• _Activity_
Return each entry below exactly. Skip the images.

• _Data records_
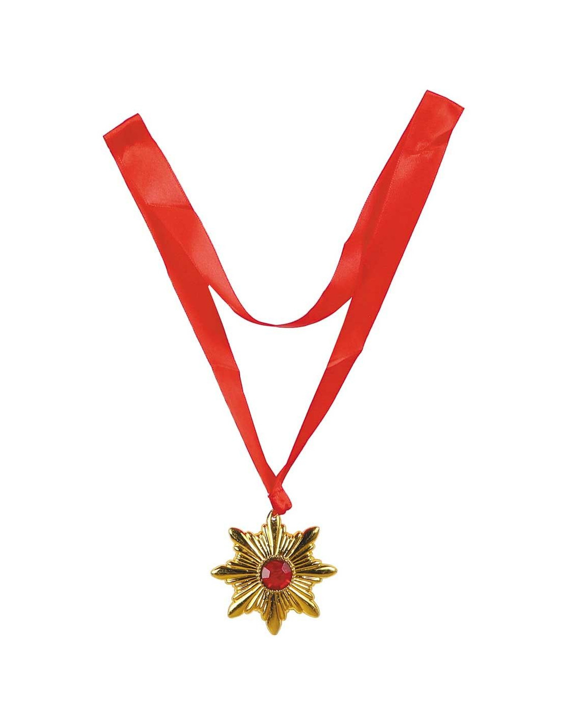 Condecoracion en pvc metalizado con cinta roja para colgar del cuello
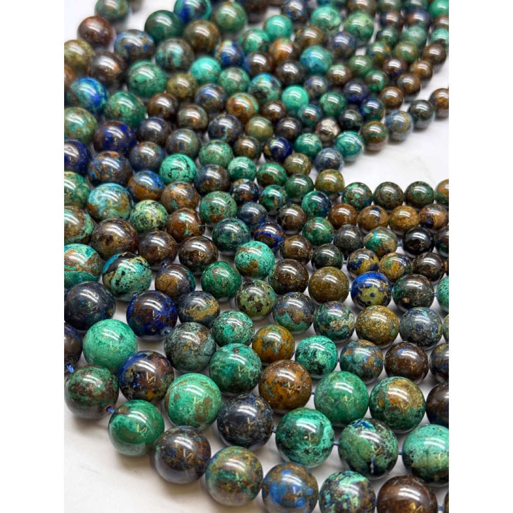 • Каменные бусины, Азурит (Азурмалахит), люкс, шарик гладкий, 10 мм, нить 18 см
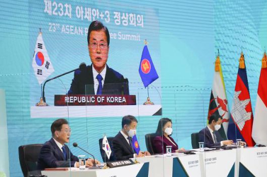 문재인 대통령은 14일 제23차 아세안+3 정상회의에서 “존경하는 의장님, 각국 정상 여러분, 특히 일본의 스가 총리님 반갑다”고 인사했다.
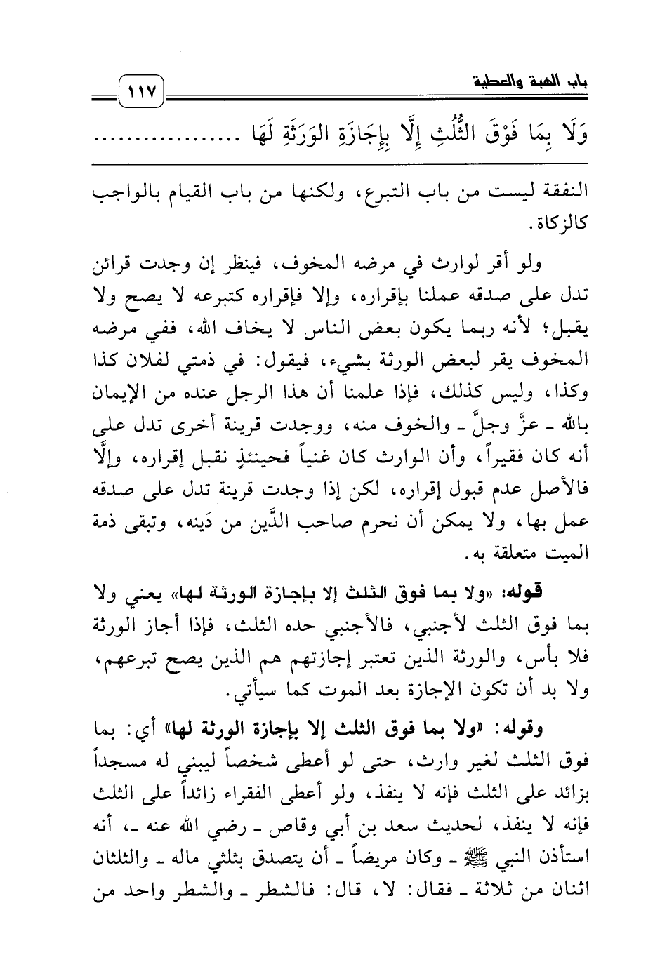 وقوله: «ولا بما فوق الثلث إلا بإجازة الورثة لها» أي: بما فوق الثلث لغير وارث، حتى لو أعطى شخصاً ليبني له مسجداً بزائد على الثلث فإنه لا ينفذ، ولو أعطى الفقراء زائداً على الثلث فإنه لا ينفذ، لحديث سعد بن أبي وقاص ـ رضي الله عنه ـ، أنه استأذن النبي صلّى الله عليه وسلّم ـ وكان مريضاً ـ أن يتصدق بثلثي ماله ـ والثلثان اثنان من ثلاثة ـ فقال: لا، قال: فالشطر ـ والشطر واحد من
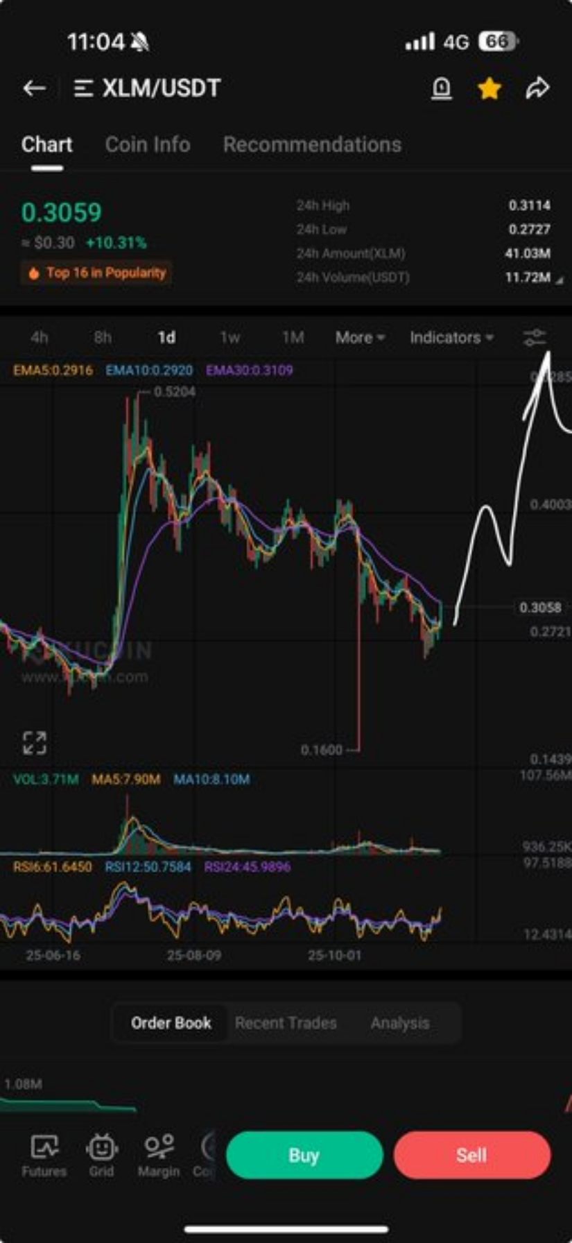 加密货币分析师@PROGWORX对XLM/USDT提出了看涨预测,指出该代币在近期回调后可能正在形成多阶段复苏结构。其图表分析强调,XLM或在0.30美元附近进行短期盘整,随后向上突破,推动价格在未来交易时段冲击0.38-0.40美元区间。

• _Exercise output_
 Condecoracion en pvc metalizado con cinta roja para colgar del cuello
 • Каменные бусины, Азурит (Азурмалахит), люкс, шарик гладкий, 10 мм, нить 18 см
 문재인 대통령은 14일 제23차 아세안+3 정상회의에서 “존경하는 의장님, 각국 정상 여러분, 특히 일본의 스가 총리님 반갑다”고 인사했다.
 وقوله: «ولا بما فوق الثلث إلا بإجازة الورثة لها» أي: بما فوق الثلث لغير وارث، حتى لو أعطى شخصاً ليبني له مسجداً بزائد على الثلث فإنه لا ينفذ، ولو أعطى الفقراء زائداً على الثلث فإنه لا ينفذ، لحديث سعد بن أبي وقاص ـ رضي الله عنه ـ، أنه استأذن النبي صلّى الله عليه وسلّم ـ وكان مريضاً ـ أن يتصدق بثلثي ماله ـ والثلثان اثنان من ثلاثة ـ فقال: لا، قال: فالشطر ـ والشطر واحد من
 加密货币分析师@PROGWORX对XLM/USDT提出了看涨预测,指出该代币在近期回调后可能正在形成多阶段复苏结构。其图表分析强调,XLM或在0.30美元附近进行短期盘整,随后向上突破,推动价格在未来交易时段冲击0.38-0.40美元区间。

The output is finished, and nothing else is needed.